Prompt: For this exercise, copy all the data exactly and include none of the pictures.

Provided material:
- Opening Delimiter -

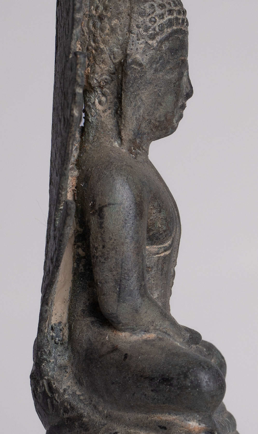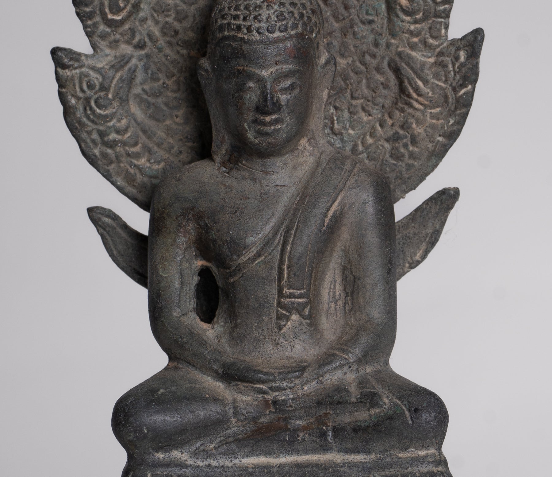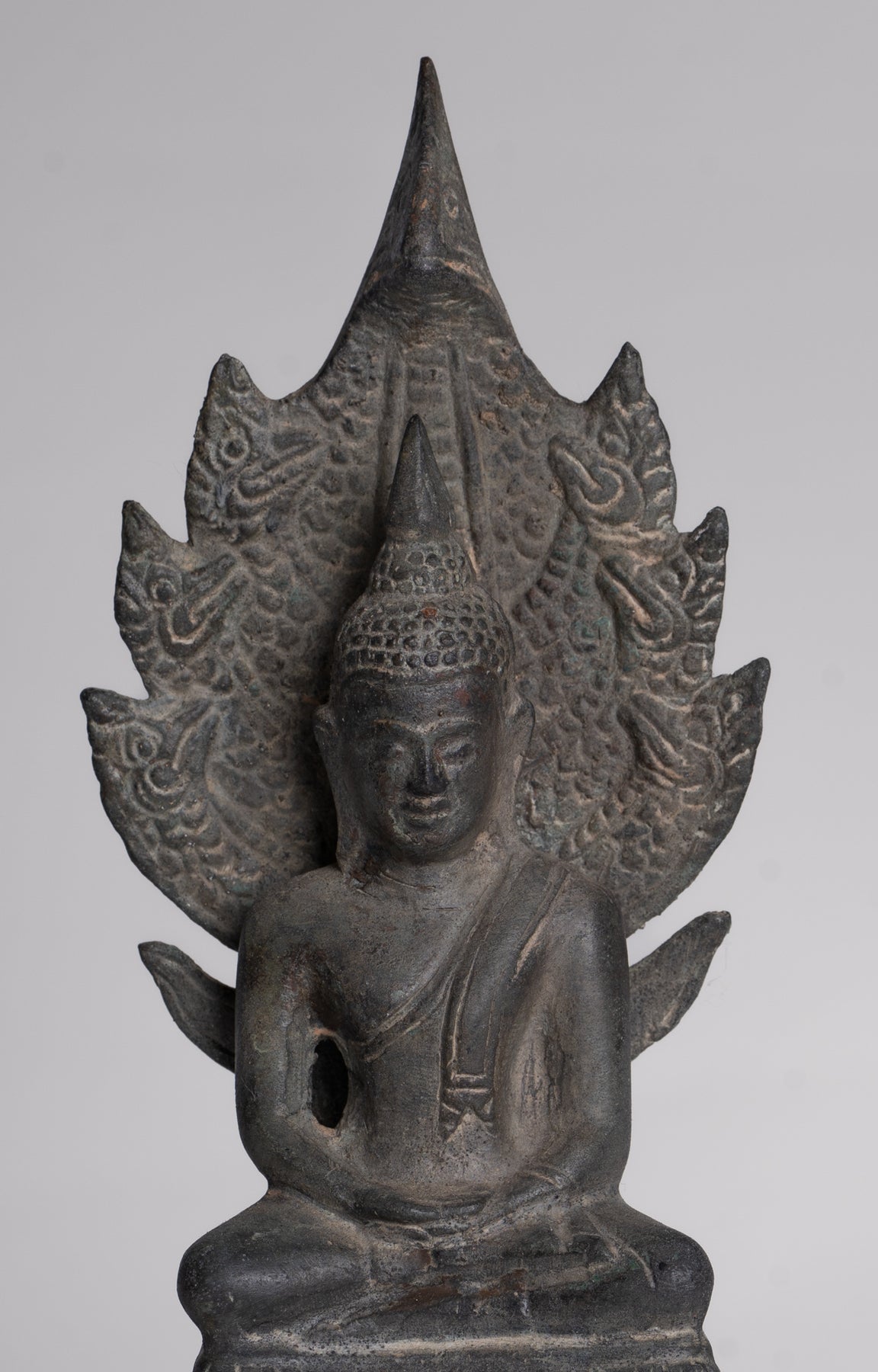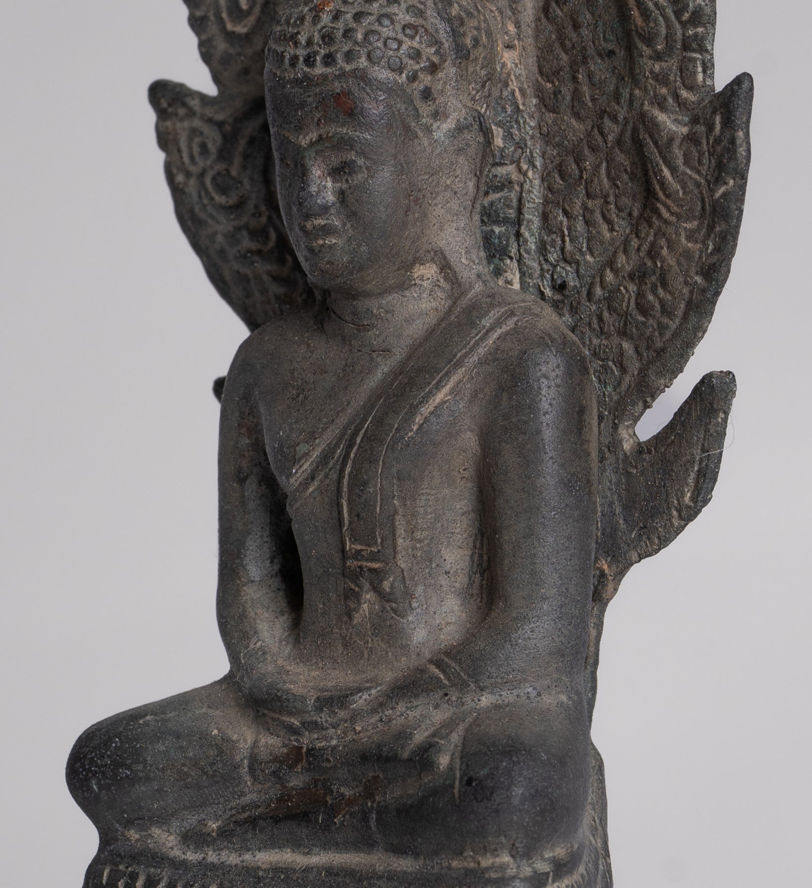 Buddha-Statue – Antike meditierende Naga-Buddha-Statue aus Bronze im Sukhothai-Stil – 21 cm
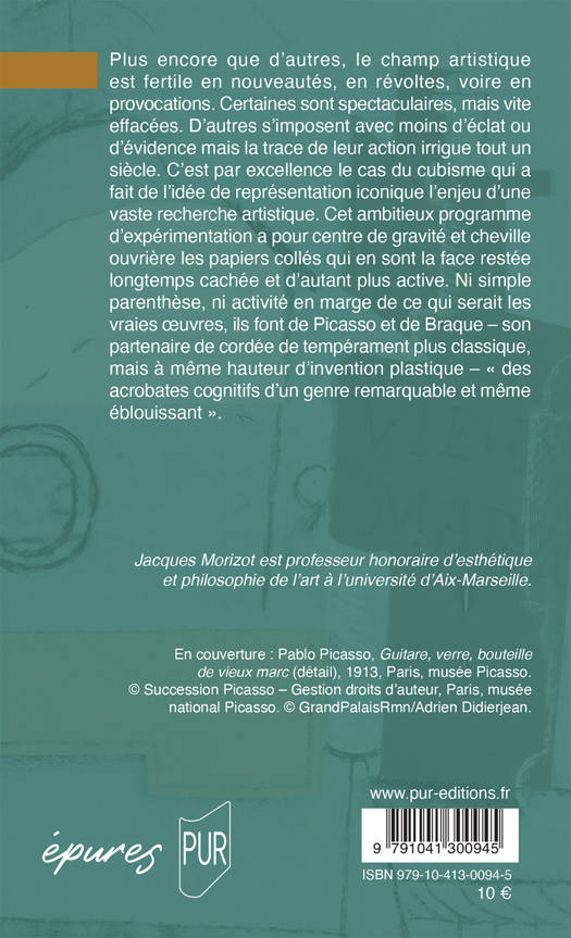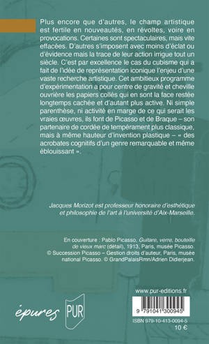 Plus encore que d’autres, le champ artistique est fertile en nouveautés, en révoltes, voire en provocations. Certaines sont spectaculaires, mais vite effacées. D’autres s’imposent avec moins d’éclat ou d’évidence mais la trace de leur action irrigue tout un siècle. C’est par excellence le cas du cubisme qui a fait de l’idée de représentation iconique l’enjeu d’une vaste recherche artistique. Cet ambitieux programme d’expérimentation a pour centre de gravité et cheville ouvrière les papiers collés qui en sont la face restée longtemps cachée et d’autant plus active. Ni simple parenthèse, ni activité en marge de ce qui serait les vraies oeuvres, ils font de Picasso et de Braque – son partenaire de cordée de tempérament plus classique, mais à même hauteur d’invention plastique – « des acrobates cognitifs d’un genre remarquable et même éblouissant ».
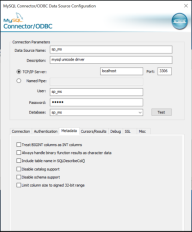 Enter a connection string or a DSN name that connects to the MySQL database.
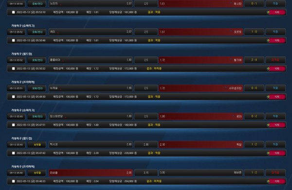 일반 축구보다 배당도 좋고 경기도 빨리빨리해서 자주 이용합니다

- Closing Delimiter -

Answer space:
 Buddha-Statue – Antike meditierende Naga-Buddha-Statue aus Bronze im Sukhothai-Stil – 21 cm
 Plus encore que d’autres, le champ artistique est fertile en nouveautés, en révoltes, voire en provocations. Certaines sont spectaculaires, mais vite effacées. D’autres s’imposent avec moins d’éclat ou d’évidence mais la trace de leur action irrigue tout un siècle. C’est par excellence le cas du cubisme qui a fait de l’idée de représentation iconique l’enjeu d’une vaste recherche artistique. Cet ambitieux programme d’expérimentation a pour centre de gravité et cheville ouvrière les papiers collés qui en sont la face restée longtemps cachée et d’autant plus active. Ni simple parenthèse, ni activité en marge de ce qui serait les vraies oeuvres, ils font de Picasso et de Braque – son partenaire de cordée de tempérament plus classique, mais à même hauteur d’invention plastique – « des acrobates cognitifs d’un genre remarquable et même éblouissant ».
 Enter a connection string or a DSN name that connects to the MySQL database.
 일반 축구보다 배당도 좋고 경기도 빨리빨리해서 자주 이용합니다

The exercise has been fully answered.